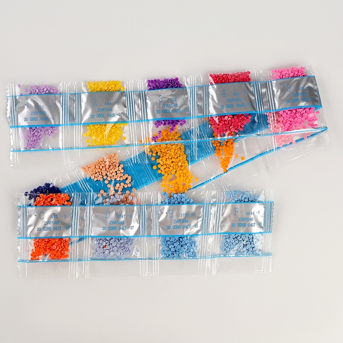 Ребёнку предстоит разложить карандашом кристаллики, постепенно заполняя рисунок элементами соответствующего цвета. Основа с клеевым покрытием будет надёжно удерживать стразы.
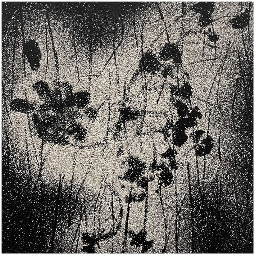 The factory discharges its soda ash into a stream created for this purpose that leads directly to the sea. This material ‘bleaches’ the beach, so much so that it can be seen on satellite photos. It also severely decreases the area’s biodiversity. Meanwhile, different heavy metals and other toxics that come out of the chimneys settle in the area, causing a higher risk of heart disease, neurological disorders and cancers among the local population. During several visits, TINKEBELL. dug the white soda ash directly from underneath the bottom of the trash river and collected vegetation from the Solvay site, such as pinecones and pine needles. Back in her Amsterdam studio, she used the factory’s trash to create prints of the plants on prepared black canvas, thus making artworks that are deceptively pretty – just like the beach at Rosignano Solvay.
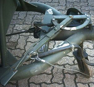 Hier sieht man die höhenverstellbare Zugdeichsel, in diesem Fall mit einer sogenannten Nato Öse bestückt. Das Vorderteil gibt es in allen bekannten
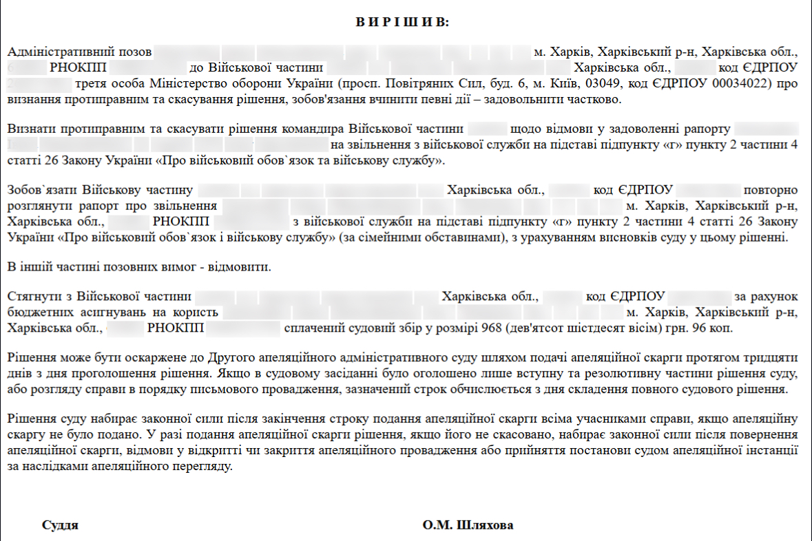 Таким чином, права нашого Клієнта було захищено та останній отримав законну можливість звільнення з військової служби за сімейними обставинами.

+ + + + +

(WHAT YOU SHOULD DO):
Keep the pictures out, and write out the rest of the data above word for word.

(ANSWER SECTION):
 Ребёнку предстоит разложить карандашом кристаллики, постепенно заполняя рисунок элементами соответствующего цвета. Основа с клеевым покрытием будет надёжно удерживать стразы.
 The factory discharges its soda ash into a stream created for this purpose that leads directly to the sea. This material ‘bleaches’ the beach, so much so that it can be seen on satellite photos. It also severely decreases the area’s biodiversity. Meanwhile, different heavy metals and other toxics that come out of the chimneys settle in the area, causing a higher risk of heart disease, neurological disorders and cancers among the local population. During several visits, TINKEBELL. dug the white soda ash directly from underneath the bottom of the trash river and collected vegetation from the Solvay site, such as pinecones and pine needles. Back in her Amsterdam studio, she used the factory’s trash to create prints of the plants on prepared black canvas, thus making artworks that are deceptively pretty – just like the beach at Rosignano Solvay.
 Hier sieht man die höhenverstellbare Zugdeichsel, in diesem Fall mit einer sogenannten Nato Öse bestückt. Das Vorderteil gibt es in allen bekannten
 Таким чином, права нашого Клієнта було захищено та останній отримав законну можливість звільнення з військової служби за сімейними обставинами.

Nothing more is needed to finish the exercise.